For each CmdStan inference method, there is a corresponding method on the :class:`CmdStanModel` class. An example of each is provided in the next section.

Validate, view, export the inference engine outputs

The inference method-specific results objects :class:`CmdStanMCMC`, :class:`CmdStanPathfinder`, :class:`CmdStanVB`, :class:`CmdStanMLE`, and :class:`CmdStanGQ` contain the CmdStan method configuration information and the location of all output files produced.

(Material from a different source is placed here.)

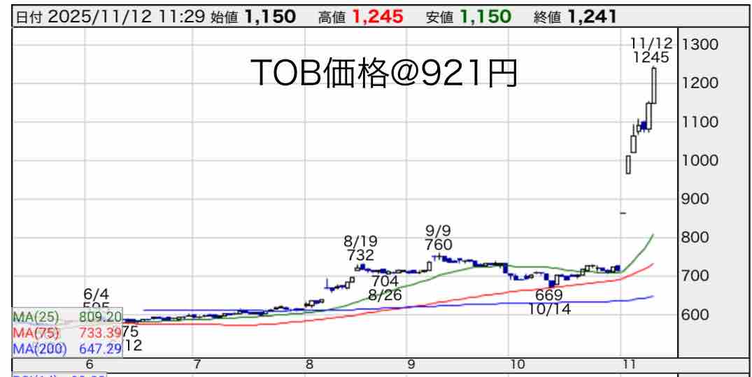 TOB価格@921円を遥かに上回る@1241円ですってー!
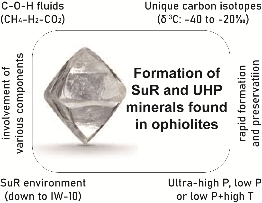 自上世纪七八十年代至今,地质学家陆续在全球20余个蛇绿岩中发现了极还原、超高压矿物(如金刚石、碳化硅、金属单质)等异常矿物,引起了学界广泛关注。这些异常矿物大多赋存在蛇绿岩的铬铁矿石中,在其橄榄岩中有一些产出,同时也在一些火山岩(如俄罗斯勘察加和以色列卡梅尔)有所发现,对蛇绿岩形成演化的传统认识提出了挑战。中国科学院地质与地球物理研究所苏本勋研究员与日本爱媛大学景揭俊博士后合作,梳理了蛇绿岩中异常矿物的发现历史,总结并评估了各种成因来源假说(图1)。

The provide a common set methods for accessing the inference results and metadata, as well as method-specific informational properties and methods.objects

Output data

The resulting Stan CSV file or set of files are assembled into an inference result object.

The objects provide accessor methods which return this information either as tabular data (i.e., in terms of the per-chain CSV file rows and columns), or as structured objects which correspond to the variables in the Stan model and the individual diagnostics produced by the inference method.

The stan_variables method returns a Python dict over all Stan model variables, see :meth:`~CmdStanMCMC.stan_variables`.

The stan_variable method returns a single model variable as a numpy.ndarray object with the same structure (per draw) as the Stan program variable, see :meth:`~CmdStanMCMC.stan_variable`.

The method_variables method returns a Python dict over all inference method variables, cf :meth:`~CmdStanMCMC.method_variables`

The output from the methods :class:`CmdStanMCMC` and :class:`CmdStanGQ` return the sample contents in tabular form, see :meth:`~CmdStanMCMC.draws` and :meth:`~CmdStanMCMC.draws_pd`. Similarly, the :meth:`~CmdStanMCMC.draws_xr` method returns the sample contents as an :py:class:`xarray.Dataset` which is a mapping from variable names to their respective values.